Summary: Jacob shortly before his death adopts Joseph’s two oldest sons, thereby making Joseph his father’s oldest son and thus, through his own two sons, receiving the oldest son’s future double inheritance rights—in this case, two sets of tribal lands within the Promise Land.

Why did God include this event in his record or what would we not know–about God, life, myself, others, etc.–if this story were not in the Bible?

• This story sets up how the descendants of Joseph’s two sons, Ephraim and Manasseh, will receive such large parcels of land when the children of Israel return to their ancestors’ Promise Land almost five centuries later.

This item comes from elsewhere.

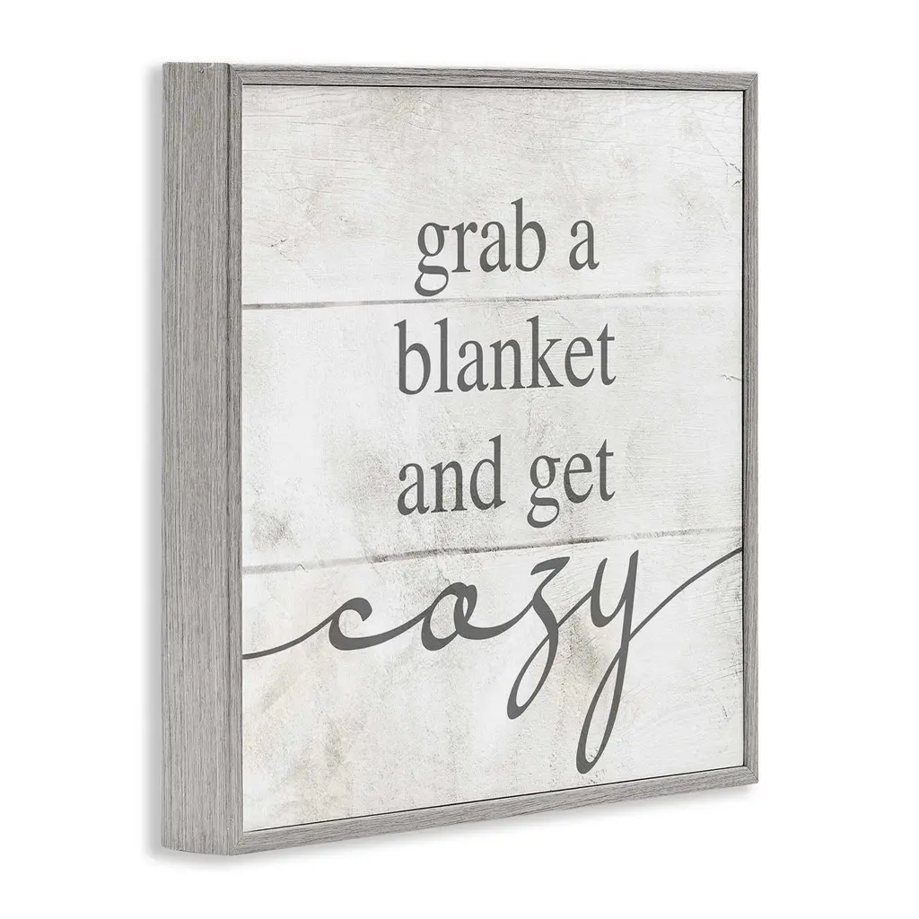 Stupell Grab Blanket Get Cozy Phrase Framed Giclee Art, Design By Lil' Rue - 12 X 12 - Grey
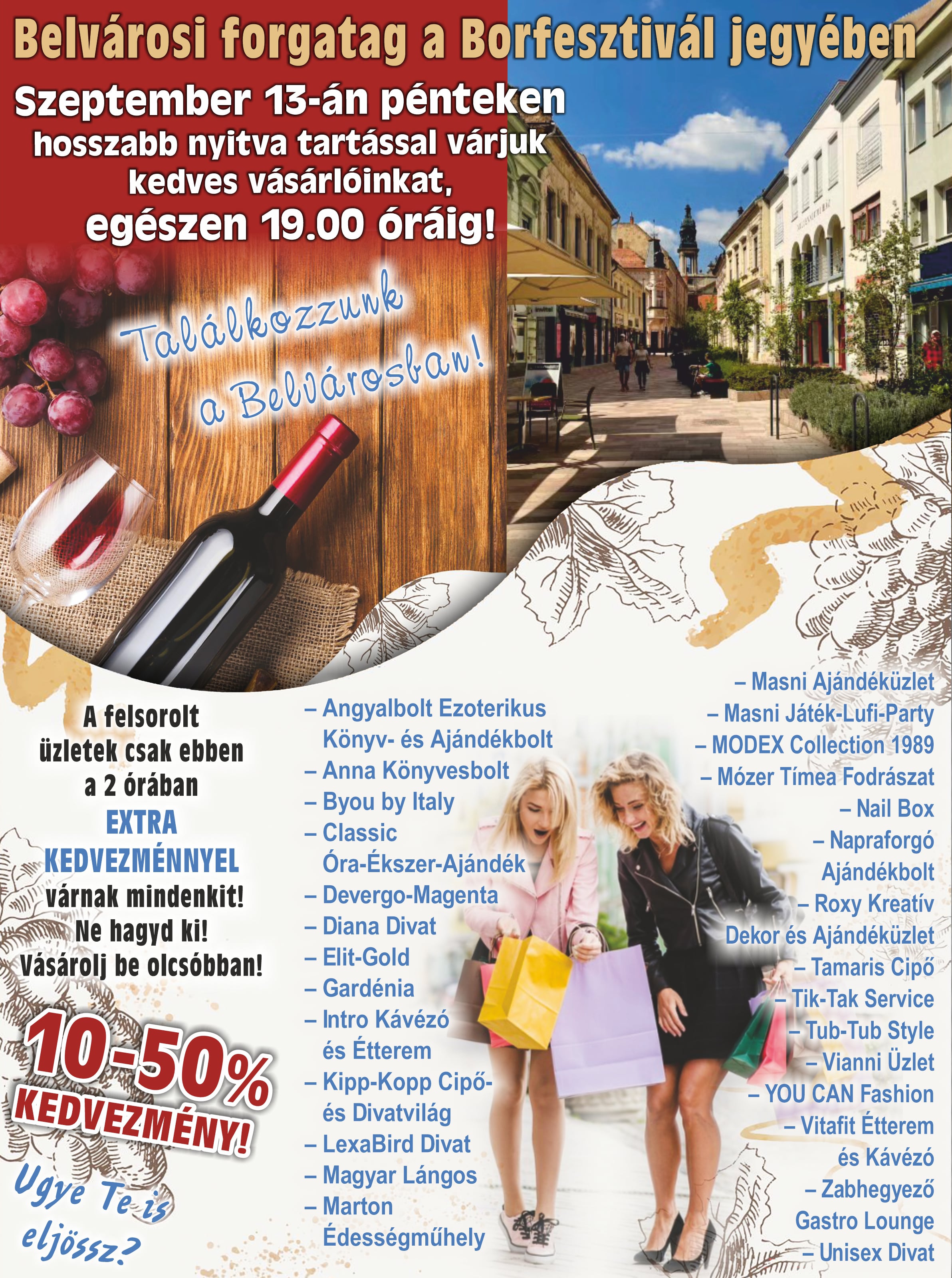 A mai napon meghosszabbított nyitva tartással várják a vásárlókat a belvárosi üzletek, amelyek egészen 19 óráig lesznek nyitva. Az előrejelzések szerint 16 óra után az eső is eláll, tehát a hűvös idő ellenére minden adott lesz a jó hangulathoz!

• This story also demonstrates how, much like Joseph, most of us tend to think in preconceived or already existing structures. For example, tradition had established that the oldest son received double the inheritance of his siblings. But already, with both Jacob and Esau, and now with Ephraim and Manasseh, God has twice decide to upset perhaps thousands of years of tradition by choosing to bless a younger son over an the oldest son with a greater blessing or share of their father’s inheritance. What’s the significance to all of this? As Paul writes in 1 Cor. 1-2, God tends to bless the lesser over the greater…or choose the lesser over the greater? Why is this? Glory. As an active-involved Creator and shepherd, as Jacob describes within his blessing, if God upsets the apple cart, and blesses the lesser or weaker, mankind must ask what was the difference? Why the younger or lesser succeed over the older or greater? The answer is: God. Greater, by definition, is greater than lesser. Sounds redundant, right? But here is the twist. God plus the lesser is greater than the greater. That’s worship. That’s the difference. Man was made only to succeed with the help of his Creator. While men can often be very successful, or seemingly so, at least for a time, only through or with God, can man be ultimately successful. Only through God does man achieve is ultimate aim or goal, everlasting life–life beyond this corrupted existence. This was Joseph’s story. This was Jacob’s story and Abraham’s story. This was Noah’s story and Enoch’s story. This is man’s story. Without his Creator, man is a failure. With his Creator, man triumphs, even the lowliest of born men, even the poor and the destitute. The greatest Pharaoh, emperor or king, without God, is a tragic failure of the human soul. But even a forgotten, misjudged inmate, such as Joseph, with God, is the ultimate triumph. And according to Jesus (John 3, 10) that promise is open to every man, and thus a portion of Christianity’s true genius—it was open to every man, even the lowly slaves of the Roman Empire…even the African-American slaves of the eighteenth and nineteenth centuries. Through the belief or trust in the One who saves men from their sins…Yah-Saves…Jesus (Matt. 1:21)…the door to God and heaven is open to every human being on the planet. Amazing. And heaven is a place where the earthly weak become heaven’s strong.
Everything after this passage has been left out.